Task prompt:
After locating the line containing "お料理が好きというT様こだわ" in the entries below, please write out that line and the rest through the end exactly. Omit pictures.

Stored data
····················

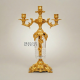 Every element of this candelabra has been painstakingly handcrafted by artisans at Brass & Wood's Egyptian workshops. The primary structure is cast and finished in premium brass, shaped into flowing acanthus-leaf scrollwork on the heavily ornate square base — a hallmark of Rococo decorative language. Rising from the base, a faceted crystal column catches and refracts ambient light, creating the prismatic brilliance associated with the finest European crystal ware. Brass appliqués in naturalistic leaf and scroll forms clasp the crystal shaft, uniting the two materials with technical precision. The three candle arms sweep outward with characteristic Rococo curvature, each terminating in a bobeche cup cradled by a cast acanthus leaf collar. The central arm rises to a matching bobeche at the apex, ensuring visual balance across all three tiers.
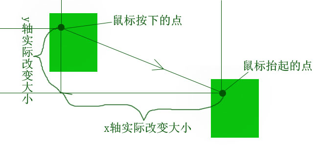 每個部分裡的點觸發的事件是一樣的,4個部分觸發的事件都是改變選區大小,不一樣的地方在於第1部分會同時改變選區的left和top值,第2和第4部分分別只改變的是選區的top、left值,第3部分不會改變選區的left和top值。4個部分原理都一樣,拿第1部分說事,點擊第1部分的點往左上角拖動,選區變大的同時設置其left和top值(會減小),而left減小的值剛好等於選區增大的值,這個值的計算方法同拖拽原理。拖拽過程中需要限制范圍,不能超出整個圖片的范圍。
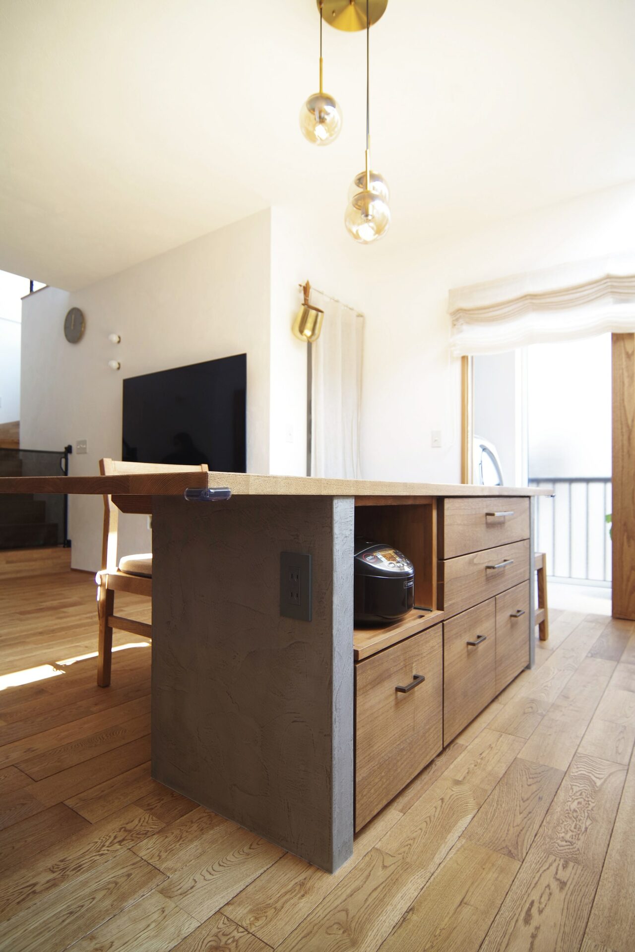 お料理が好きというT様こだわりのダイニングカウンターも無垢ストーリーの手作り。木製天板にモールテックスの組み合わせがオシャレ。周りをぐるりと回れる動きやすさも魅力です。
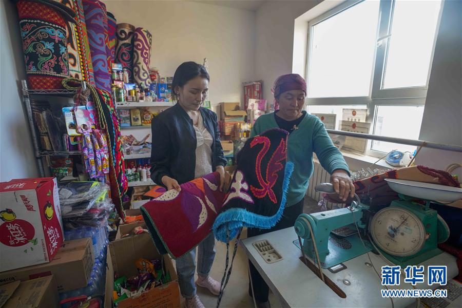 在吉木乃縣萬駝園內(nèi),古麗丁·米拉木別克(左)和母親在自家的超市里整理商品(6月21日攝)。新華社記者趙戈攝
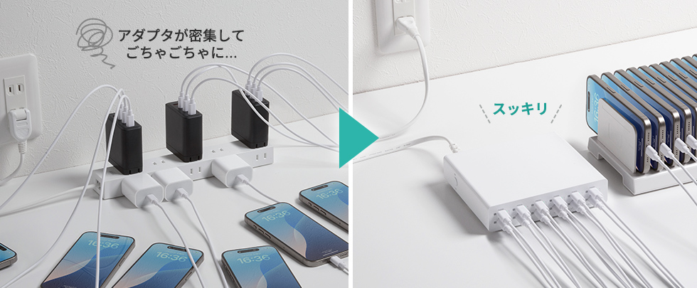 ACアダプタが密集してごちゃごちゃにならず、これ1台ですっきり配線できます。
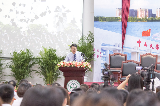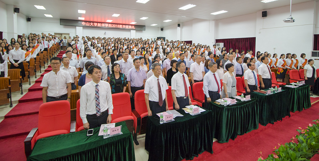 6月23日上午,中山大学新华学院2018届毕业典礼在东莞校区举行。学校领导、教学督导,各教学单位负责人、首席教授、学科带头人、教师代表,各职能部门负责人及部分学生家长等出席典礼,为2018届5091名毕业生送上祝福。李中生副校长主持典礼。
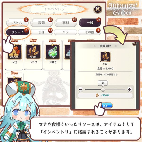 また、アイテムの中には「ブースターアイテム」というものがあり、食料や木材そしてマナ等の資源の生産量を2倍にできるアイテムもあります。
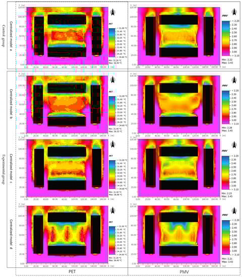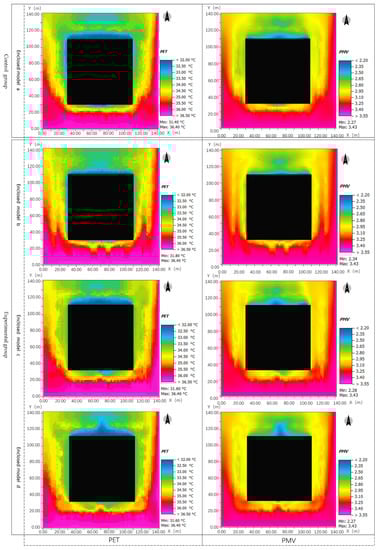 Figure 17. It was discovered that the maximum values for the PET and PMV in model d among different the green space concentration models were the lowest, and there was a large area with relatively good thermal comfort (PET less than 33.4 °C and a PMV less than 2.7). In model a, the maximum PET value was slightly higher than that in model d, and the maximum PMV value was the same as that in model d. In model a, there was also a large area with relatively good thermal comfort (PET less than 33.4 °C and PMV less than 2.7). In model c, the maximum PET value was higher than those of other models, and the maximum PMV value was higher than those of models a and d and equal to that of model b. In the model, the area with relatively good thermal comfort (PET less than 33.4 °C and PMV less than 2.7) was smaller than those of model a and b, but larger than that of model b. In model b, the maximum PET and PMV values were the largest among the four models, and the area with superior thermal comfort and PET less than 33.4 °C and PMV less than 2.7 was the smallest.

····················

Solution:
 お料理が好きというT様こだわりのダイニングカウンターも無垢ストーリーの手作り。木製天板にモールテックスの組み合わせがオシャレ。周りをぐるりと回れる動きやすさも魅力です。
 在吉木乃縣萬駝園內(nèi),古麗丁·米拉木別克(左)和母親在自家的超市里整理商品(6月21日攝)。新華社記者趙戈攝
 ACアダプタが密集してごちゃごちゃにならず、これ1台ですっきり配線できます。
 6月23日上午,中山大学新华学院2018届毕业典礼在东莞校区举行。学校领导、教学督导,各教学单位负责人、首席教授、学科带头人、教师代表,各职能部门负责人及部分学生家长等出席典礼,为2018届5091名毕业生送上祝福。李中生副校长主持典礼。
 また、アイテムの中には「ブースターアイテム」というものがあり、食料や木材そしてマナ等の資源の生産量を2倍にできるアイテムもあります。
 Figure 17. It was discovered that the maximum values for the PET and PMV in model d among different the green space concentration models were the lowest, and there was a large area with relatively good thermal comfort (PET less than 33.4 °C and a PMV less than 2.7). In model a, the maximum PET value was slightly higher than that in model d, and the maximum PMV value was the same as that in model d. In model a, there was also a large area with relatively good thermal comfort (PET less than 33.4 °C and PMV less than 2.7). In model c, the maximum PET value was higher than those of other models, and the maximum PMV value was higher than those of models a and d and equal to that of model b. In the model, the area with relatively good thermal comfort (PET less than 33.4 °C and PMV less than 2.7) was smaller than those of model a and b, but larger than that of model b. In model b, the maximum PET and PMV values were the largest among the four models, and the area with superior thermal comfort and PET less than 33.4 °C and PMV less than 2.7 was the smallest.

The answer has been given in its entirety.